Density distribution values across the range of selected individual descriptors associated with a particular target class given by their IC₅₀ ratio, i.e., strong (red) or weak (blue) permeator, for the 501 compounds comprising the predictive group (Fig. 5). The vertical gray line indicates the class threshold estimated by an SVM algorithm. We considered all descriptors from the top 9 clusters from our predictive model (Fig. 4) The descriptors shown hold high predictability scores across general categories (see full list in Supplementary Tables S4 and S5) described as follows: a. Hydrogen bonds in the OM. Top panel uses two vertical scales and an horizontal logarithmic scale. The red vertical scale corresponds to strong permeators (red). All other panels use a single scale for both categories of compounds. b Enthalpy and entropy in the OM, c Molecular structure, d Electric properties and electronic structure, e Graph-based molecular structure indexes, and f DP docking in MexB. The circled number in each panel list the ranking according to their single-descriptor predictability scores (Supplementary Tables S4 and S5).

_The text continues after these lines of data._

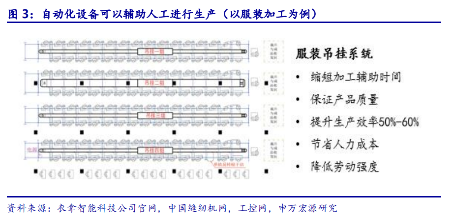 部分自动化:现阶段工厂的主要组织形式,由人与延伸人的能力的设备组成。相比于高度自动化的汽车、半导体产业,3C组装、服装加工等大部分工业生产还处在部分自动化阶段。以服装加工为例,自动开袋机、自动钉扣机、自动拉布机、服装吊挂系统等自动化设备可以辅助人力进行服装生产加工操作,相比于纯手工生产,自动化设备的辅助可以提高生产效率,减少劳动力成本,而未来进一步提升自动化水平是该类企业的必然选择。
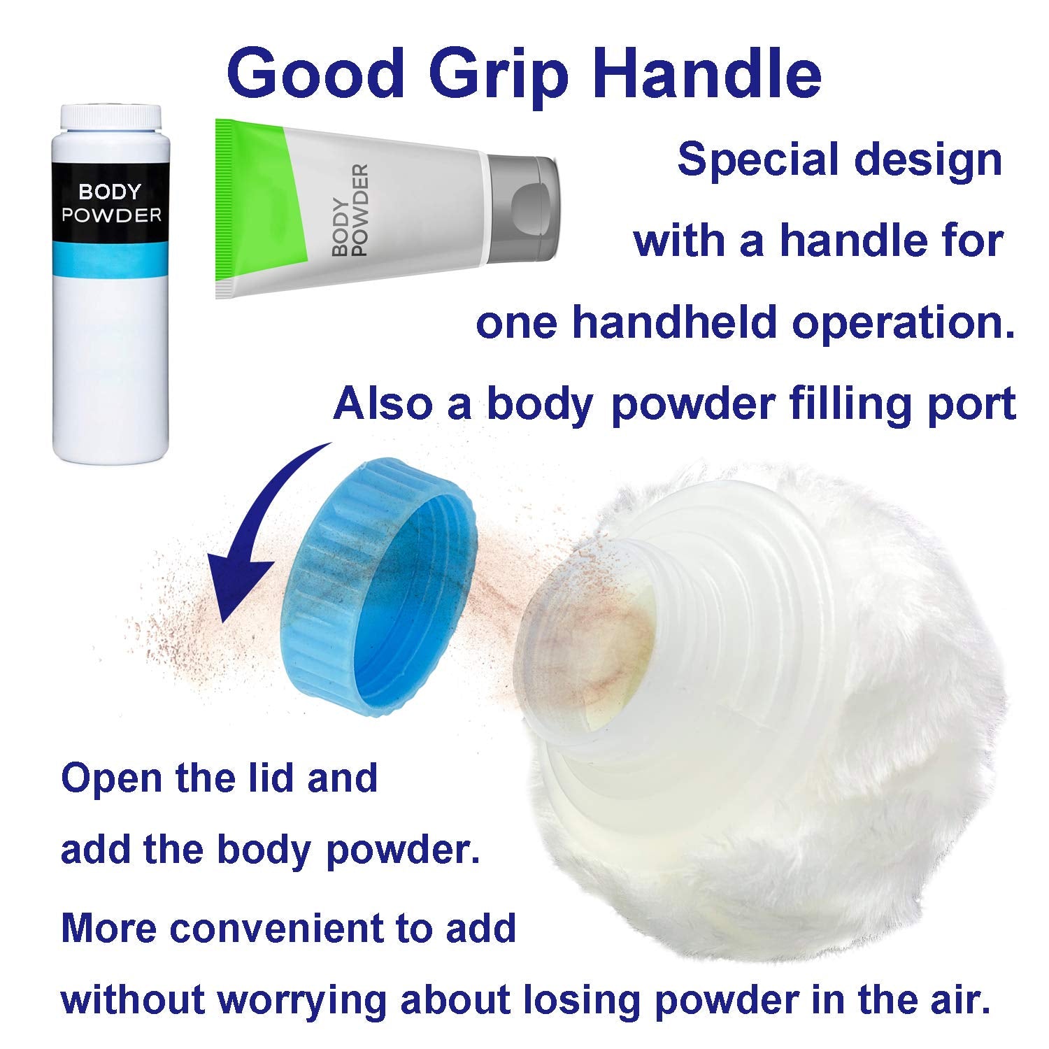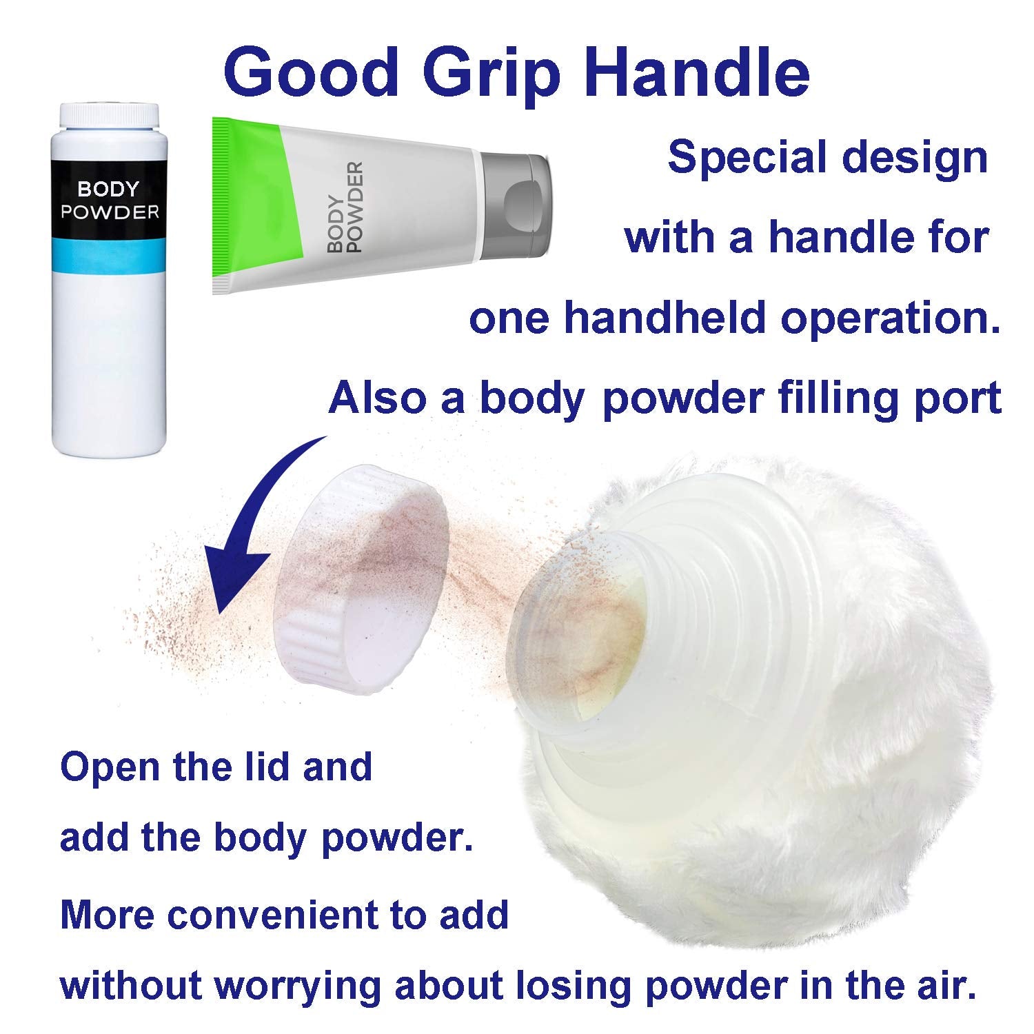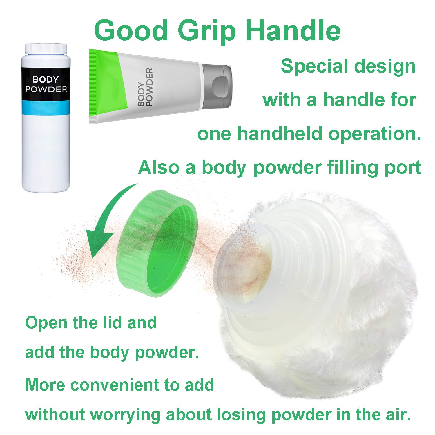 - Good Grip Handle-- Special design with a handle for one handheld operation, easy to use and don't worry about the slip. The powder puff can pick and hold the right amount of loose powder, shading powder, and body powder well, easy to apply evenly, no more waste your powder.
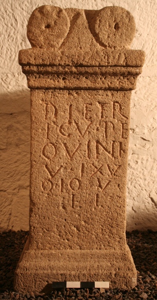 - Der Stein hat Sockel und Gesims, letzteres mit zwei Randwülsten (pulvini), dazwischen ein Dreieck. Die Inschrift ist entweder unvollendet geblieben oder wurde ganz vorgemalt, jedoch nicht fertig eingehauen.
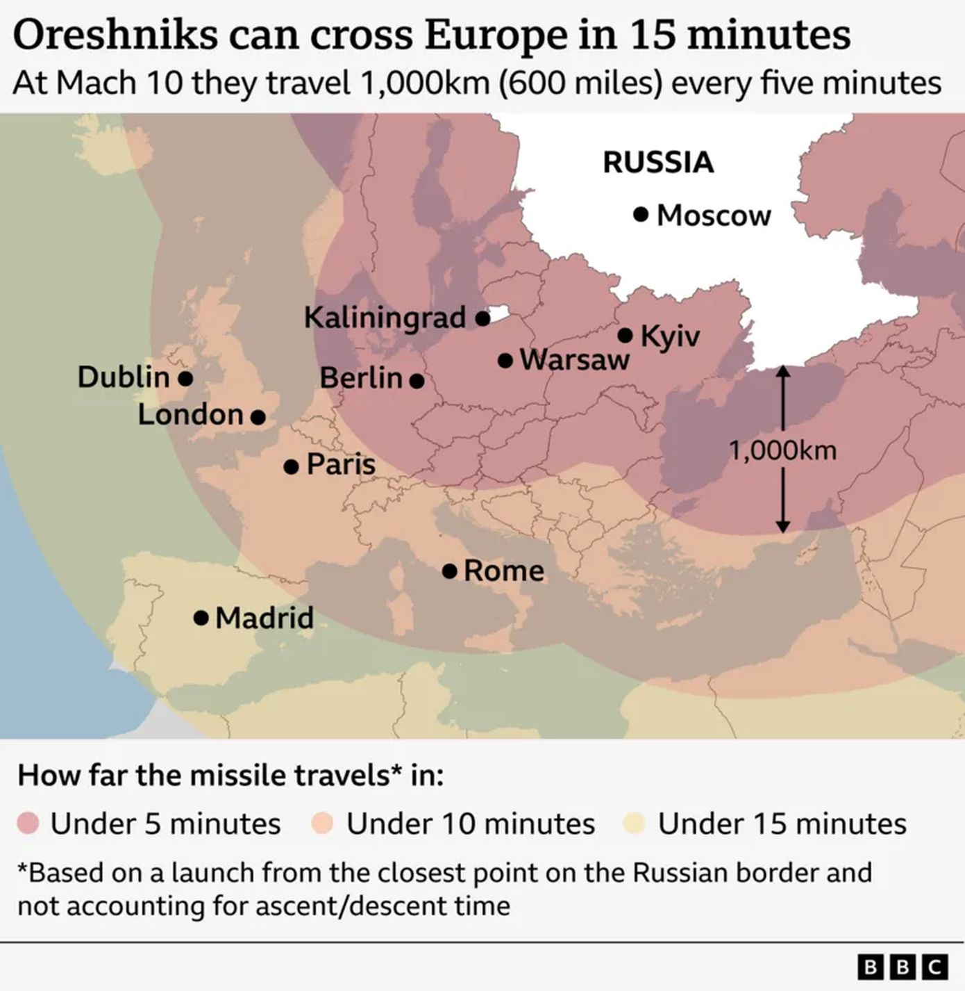 Για την Ευρώπη, η λανθάνουσα απειλή προς τις χώρες του ΝΑΤΟ προέρχεται κυρίως από τους ρωσικούς πυραύλους, μερικοί από τους οποίους είναι σταθμευμένοι στην ακτή της Βαλτικής, στο Καλίνινγκραντ. Τι θα συνέβαινε αν ο Πούτιν διέταζε επίθεση στο Κίεβο με έναν Oreshnik, αυτή τη φορά οπλισμένο με πλήρες φορτίο εκρηκτικών υψηλής ισχύος;

Fig. 7. Model testing on additional compounds.

a Ten compounds labeled C0-C9 structurally classified using the color code defined Fig. 1a. b Model prediction associated with the ten compounds (solid black line) against the target class (gray bars) assigned from the IC₅₀ ratio measured experimentally in Pseudomonas aeruginosa. The prediction quantifies the probability that a given testing compound is a strong permeator, p₁. Error bars are the standard deviation of 100 model runs. Orange line is the maximum uncertainty (i.e., random) classification value of 0.5. The value of p₁ of compound C6 lies very close to this high uncertainty value. c Ranges of high-ranked descriptors as singles (top), duets (center), and triplets (bottom) for the testing compounds and classification given by the model. Each panel shows how these compounds' properties compare to the classification boundary of the training set (dark line or plane).